> INFORMATION PROVIDED:

--

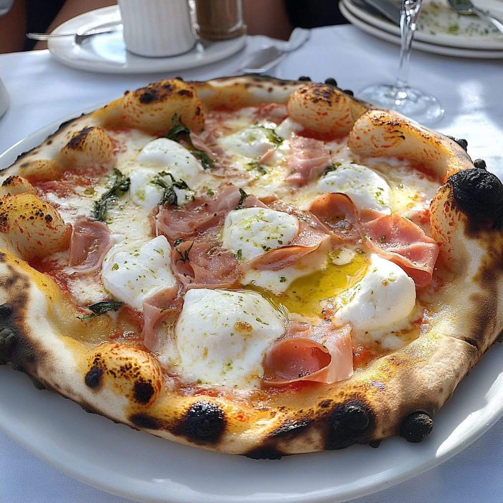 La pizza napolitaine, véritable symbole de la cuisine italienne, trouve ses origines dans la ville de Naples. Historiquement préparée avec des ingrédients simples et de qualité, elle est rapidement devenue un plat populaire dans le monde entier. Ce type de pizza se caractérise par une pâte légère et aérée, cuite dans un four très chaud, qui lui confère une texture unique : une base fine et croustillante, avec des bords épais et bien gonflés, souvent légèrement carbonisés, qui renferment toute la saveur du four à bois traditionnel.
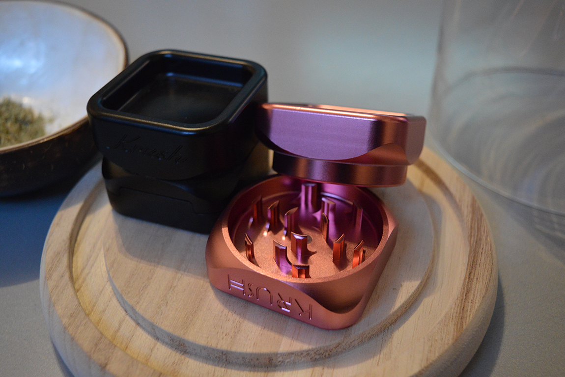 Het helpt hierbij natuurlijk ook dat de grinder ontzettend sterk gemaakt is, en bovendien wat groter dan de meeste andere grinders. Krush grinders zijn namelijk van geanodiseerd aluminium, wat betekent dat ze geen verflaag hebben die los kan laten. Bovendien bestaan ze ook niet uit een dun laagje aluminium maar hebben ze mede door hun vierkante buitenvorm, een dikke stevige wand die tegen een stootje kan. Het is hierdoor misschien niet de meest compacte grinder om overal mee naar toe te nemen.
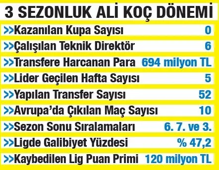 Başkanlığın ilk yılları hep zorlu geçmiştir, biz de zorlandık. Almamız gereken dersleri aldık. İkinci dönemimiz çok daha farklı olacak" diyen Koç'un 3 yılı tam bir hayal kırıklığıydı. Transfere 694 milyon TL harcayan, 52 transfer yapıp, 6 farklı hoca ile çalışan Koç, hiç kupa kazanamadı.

--

The data above should be repeated in full and exactly, with no pictures carried over.

 La pizza napolitaine, véritable symbole de la cuisine italienne, trouve ses origines dans la ville de Naples. Historiquement préparée avec des ingrédients simples et de qualité, elle est rapidement devenue un plat populaire dans le monde entier. Ce type de pizza se caractérise par une pâte légère et aérée, cuite dans un four très chaud, qui lui confère une texture unique : une base fine et croustillante, avec des bords épais et bien gonflés, souvent légèrement carbonisés, qui renferment toute la saveur du four à bois traditionnel.
 Het helpt hierbij natuurlijk ook dat de grinder ontzettend sterk gemaakt is, en bovendien wat groter dan de meeste andere grinders. Krush grinders zijn namelijk van geanodiseerd aluminium, wat betekent dat ze geen verflaag hebben die los kan laten. Bovendien bestaan ze ook niet uit een dun laagje aluminium maar hebben ze mede door hun vierkante buitenvorm, een dikke stevige wand die tegen een stootje kan. Het is hierdoor misschien niet de meest compacte grinder om overal mee naar toe te nemen.
 Başkanlığın ilk yılları hep zorlu geçmiştir, biz de zorlandık. Almamız gereken dersleri aldık. İkinci dönemimiz çok daha farklı olacak" diyen Koç'un 3 yılı tam bir hayal kırıklığıydı. Transfere 694 milyon TL harcayan, 52 transfer yapıp, 6 farklı hoca ile çalışan Koç, hiç kupa kazanamadı.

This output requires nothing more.